=== Required work ===
With pictures left out, set down exactly the lines that begin at the one containing "因?yàn)楹筮呌懈蟮睦防闼" and end with the last line of the entries below.

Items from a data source

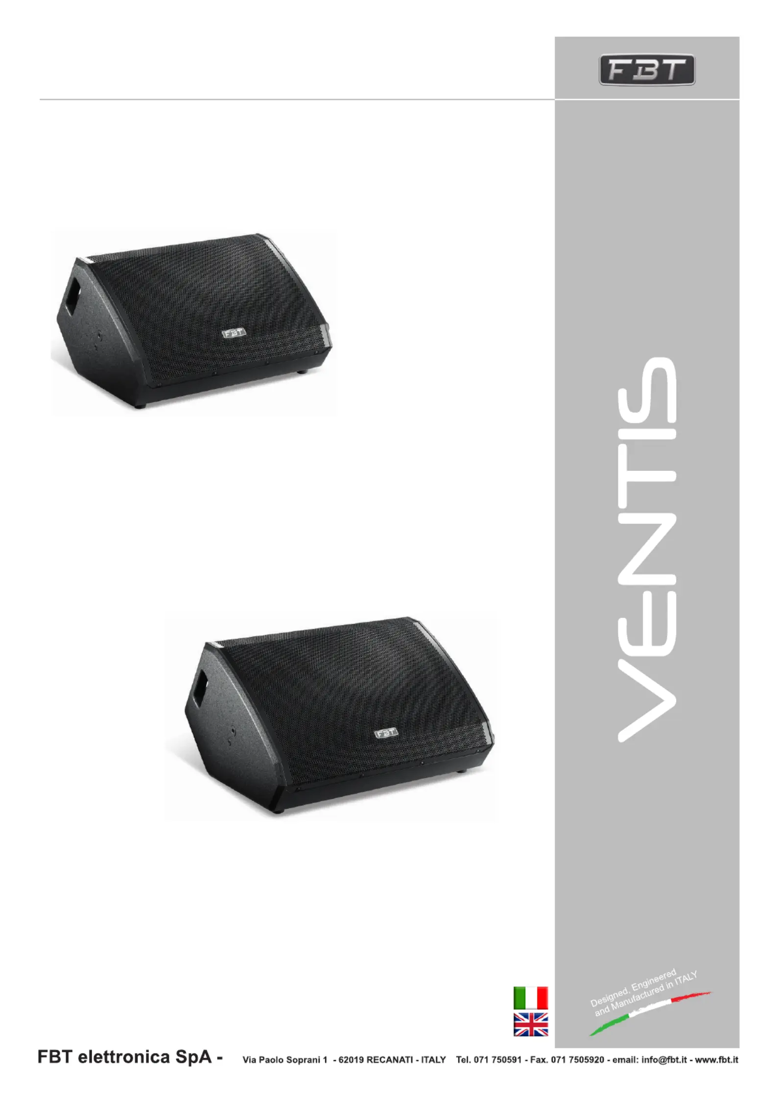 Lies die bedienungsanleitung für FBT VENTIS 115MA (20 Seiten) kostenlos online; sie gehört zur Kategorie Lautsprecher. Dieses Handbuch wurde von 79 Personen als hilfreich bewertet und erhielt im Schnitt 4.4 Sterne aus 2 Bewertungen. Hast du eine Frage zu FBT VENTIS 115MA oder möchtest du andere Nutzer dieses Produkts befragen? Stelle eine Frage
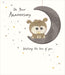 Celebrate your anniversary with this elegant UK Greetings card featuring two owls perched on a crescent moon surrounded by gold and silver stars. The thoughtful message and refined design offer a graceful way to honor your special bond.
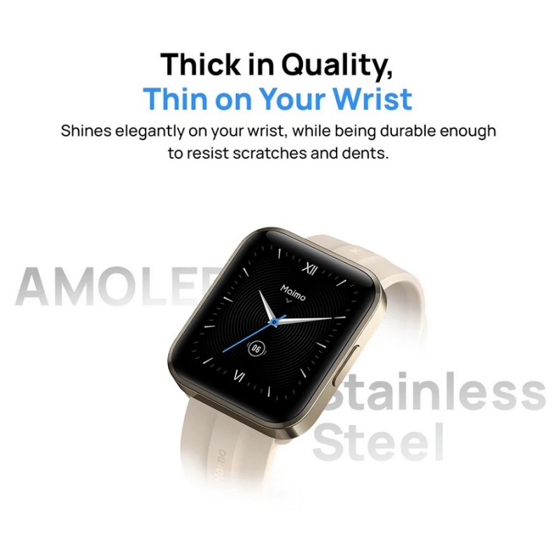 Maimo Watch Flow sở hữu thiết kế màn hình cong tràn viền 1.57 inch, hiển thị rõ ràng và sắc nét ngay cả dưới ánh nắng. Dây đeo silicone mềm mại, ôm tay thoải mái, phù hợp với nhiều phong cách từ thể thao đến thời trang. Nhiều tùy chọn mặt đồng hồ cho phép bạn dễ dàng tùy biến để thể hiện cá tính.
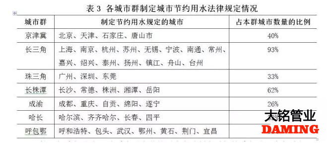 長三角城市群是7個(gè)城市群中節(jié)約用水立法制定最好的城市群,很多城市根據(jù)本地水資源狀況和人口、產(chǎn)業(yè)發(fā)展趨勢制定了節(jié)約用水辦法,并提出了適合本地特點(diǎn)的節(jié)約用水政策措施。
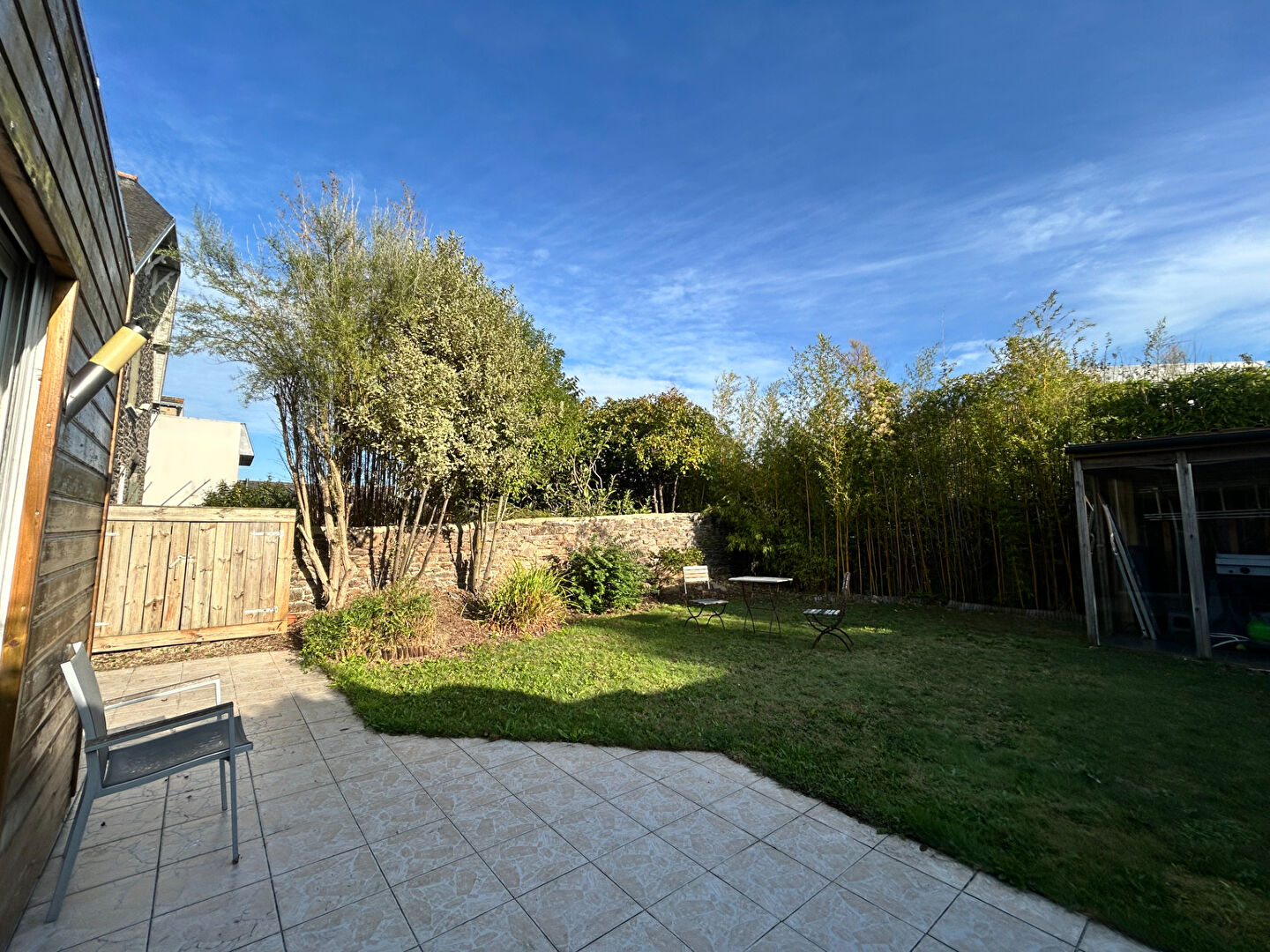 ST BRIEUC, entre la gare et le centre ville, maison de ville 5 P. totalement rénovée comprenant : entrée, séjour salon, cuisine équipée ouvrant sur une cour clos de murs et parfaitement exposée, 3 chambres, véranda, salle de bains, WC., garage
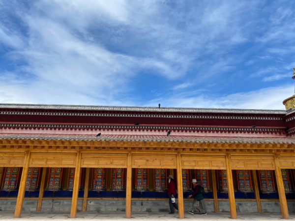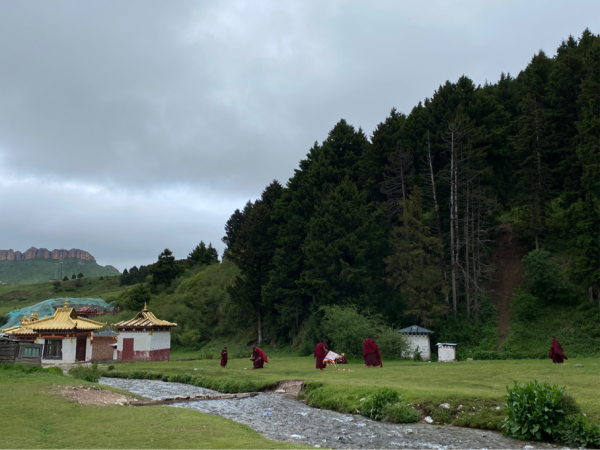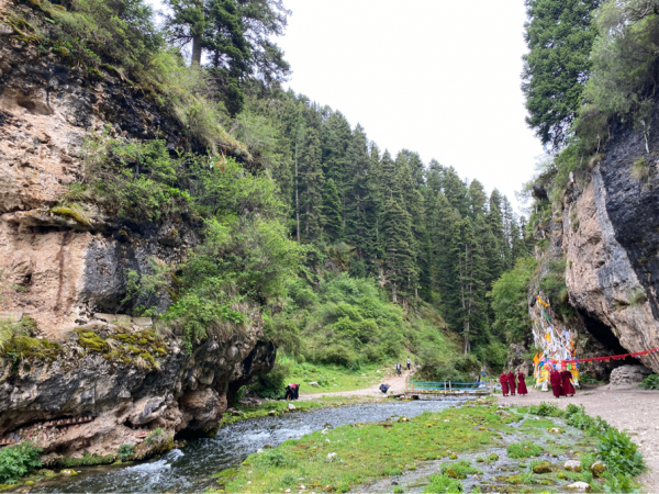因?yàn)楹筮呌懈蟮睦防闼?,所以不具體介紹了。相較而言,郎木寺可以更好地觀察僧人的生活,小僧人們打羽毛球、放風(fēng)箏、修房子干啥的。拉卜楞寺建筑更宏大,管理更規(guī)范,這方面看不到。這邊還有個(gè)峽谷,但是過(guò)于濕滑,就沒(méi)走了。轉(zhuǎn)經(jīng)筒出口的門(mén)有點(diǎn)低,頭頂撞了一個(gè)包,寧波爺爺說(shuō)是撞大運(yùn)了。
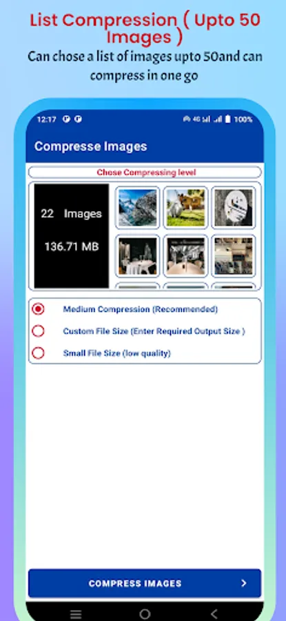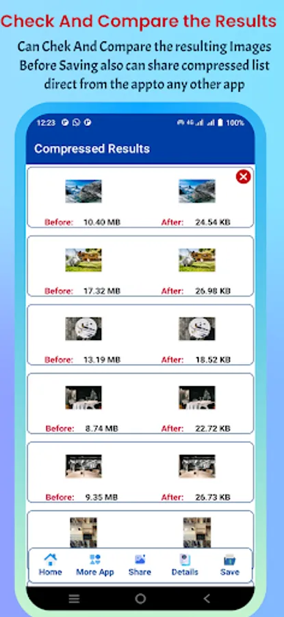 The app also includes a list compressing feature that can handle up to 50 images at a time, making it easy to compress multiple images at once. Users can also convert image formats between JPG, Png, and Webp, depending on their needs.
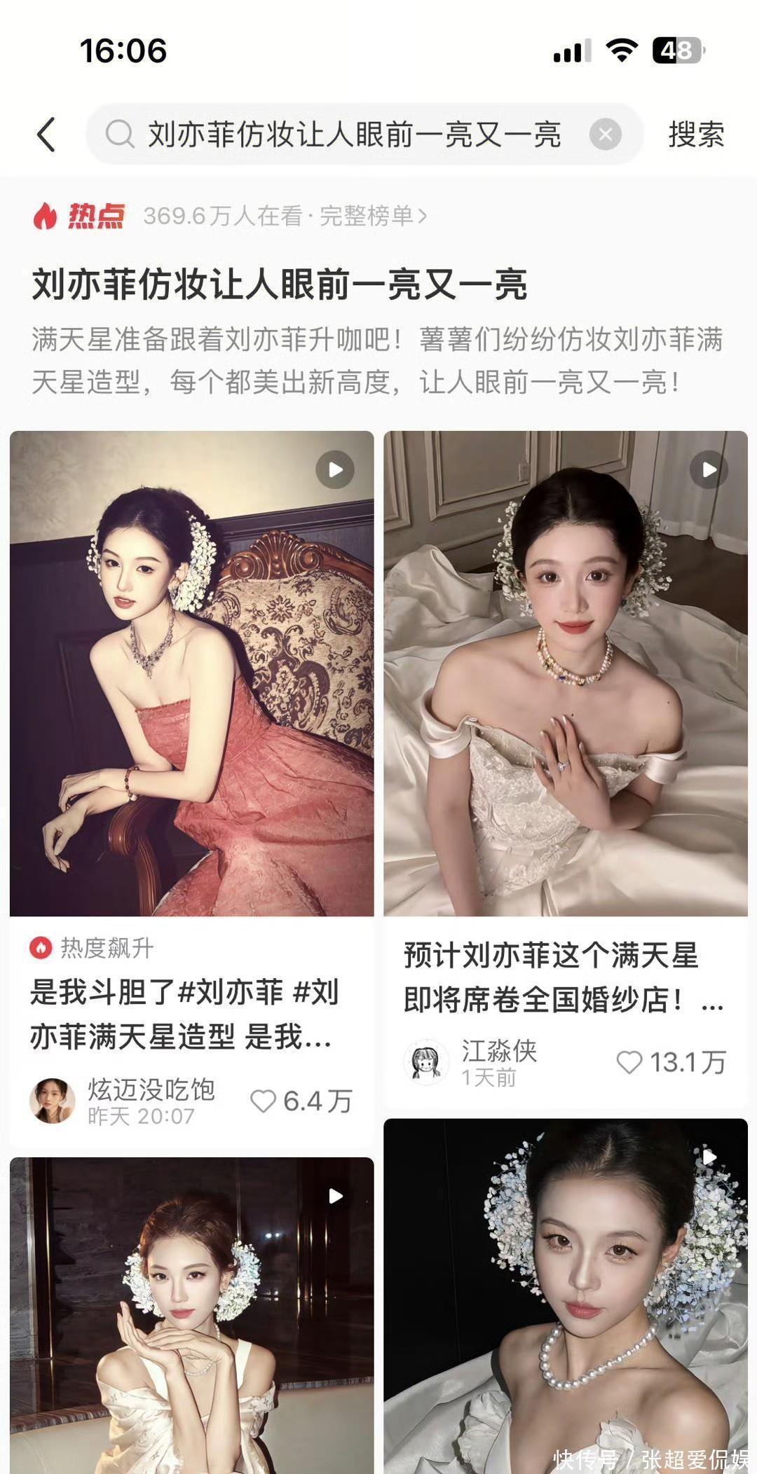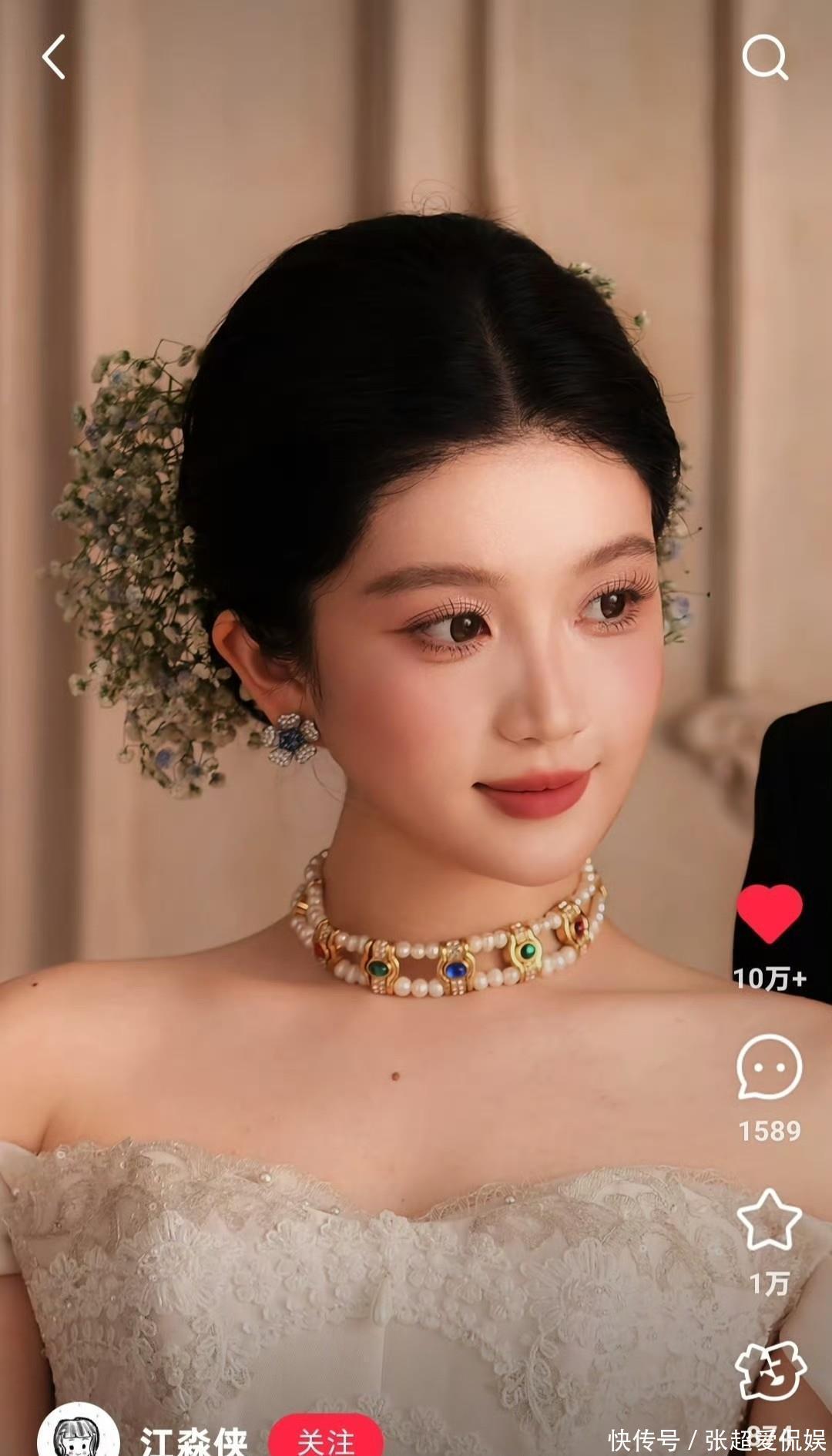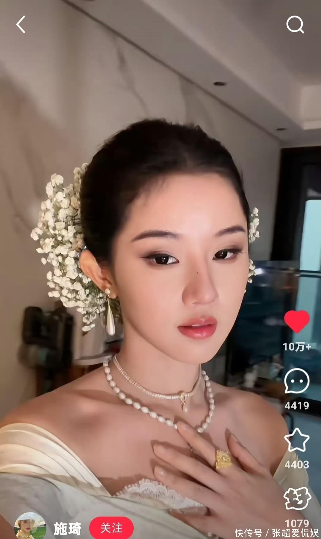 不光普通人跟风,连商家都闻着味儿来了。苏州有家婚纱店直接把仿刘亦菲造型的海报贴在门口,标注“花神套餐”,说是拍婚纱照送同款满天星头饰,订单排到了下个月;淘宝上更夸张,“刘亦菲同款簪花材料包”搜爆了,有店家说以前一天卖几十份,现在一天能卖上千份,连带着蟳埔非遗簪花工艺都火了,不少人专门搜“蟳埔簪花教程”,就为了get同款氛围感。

=== Result of this task ===
因?yàn)楹筮呌懈蟮睦防闼?,所以不具體介紹了。相較而言,郎木寺可以更好地觀察僧人的生活,小僧人們打羽毛球、放風(fēng)箏、修房子干啥的。拉卜楞寺建筑更宏大,管理更規(guī)范,這方面看不到。這邊還有個(gè)峽谷,但是過(guò)于濕滑,就沒(méi)走了。轉(zhuǎn)經(jīng)筒出口的門(mén)有點(diǎn)低,頭頂撞了一個(gè)包,寧波爺爺說(shuō)是撞大運(yùn)了。
 The app also includes a list compressing feature that can handle up to 50 images at a time, making it easy to compress multiple images at once. Users can also convert image formats between JPG, Png, and Webp, depending on their needs.
 不光普通人跟风,连商家都闻着味儿来了。苏州有家婚纱店直接把仿刘亦菲造型的海报贴在门口,标注“花神套餐”,说是拍婚纱照送同款满天星头饰,订单排到了下个月;淘宝上更夸张,“刘亦菲同款簪花材料包”搜爆了,有店家说以前一天卖几十份,现在一天能卖上千份,连带着蟳埔非遗簪花工艺都火了,不少人专门搜“蟳埔簪花教程”,就为了get同款氛围感。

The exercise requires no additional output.